The LLM is the weapon. Attackers use LLMs to scale and cheapen offensive operations. Pa Pa et al. documented LLM-assisted phishing at $9.81 per attack versus $80 for human-only equivalents — a cost reduction that makes high-volume, targeted campaigns viable at new price points. I replicated their malware generation methodology and produced 9 of 9 malware samples in 90 minutes using off-the-shelf LLMs. This category also covers social engineering at scale, disinformation generation, and the WormGPT/FraudGPT tooling documented in dark-web forums.

Attacks within LLMs

The attack is embedded in the model itself.
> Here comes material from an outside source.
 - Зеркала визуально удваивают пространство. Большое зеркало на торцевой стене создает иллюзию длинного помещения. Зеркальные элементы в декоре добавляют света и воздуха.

Data poisoning corrupts training data to degrade model behavior or embed backdoors, trigger phrases that cause specific malicious outputs. Backdoor insertion during fine-tuning is particularly relevant for organizations using third-party fine-tuned models or open-source weights. Supply chain compromise, malicious models distributed via public registries, represents the hardest-to-detect variant in this category.

Dark-web forum analysis

The empirical component of the thesis analyzed a PostgreSQL database (17 GiB) of approximately 215,000 posts from a Cambridge University dark-web hacker forum archive spanning 2021 to 2023. This is the Tor2web-accessible forum used in prior Cambridge criminology research, not a sample or synthetic dataset.

Of those 215,000 posts, 369 contained AI-security-related keywords. I analyzed those posts in detail to track the emergence and trajectory of LLM-assisted offensive tooling within the threat actor community.

What the data showed

→WormGPT and FraudGPT appeared in forum discussions in mid-2023, marketed explicitly as jailbreak-as-a-service for phishing and malware generation with no safety constraints.
→Threat actors were actively sharing jailbreak prompts, comparing effectiveness across model versions, and pricing LLM-assisted attack services.
→The cost economics were explicit: LLM-assisted phishing at a fraction of the human-only cost was treated as a competitive differentiator in forum discussions.
→Tooling knowledge was spreading faster than defenses. By late 2023, jailbreak techniques that required specialist knowledge in early 2022 were being shared as tutorials.

This is empirical, not theoretical. The threat actor community organized around AI-security tooling and methods during the 2021–2023 period covered by the dataset. The trajectory continued after the dataset ends.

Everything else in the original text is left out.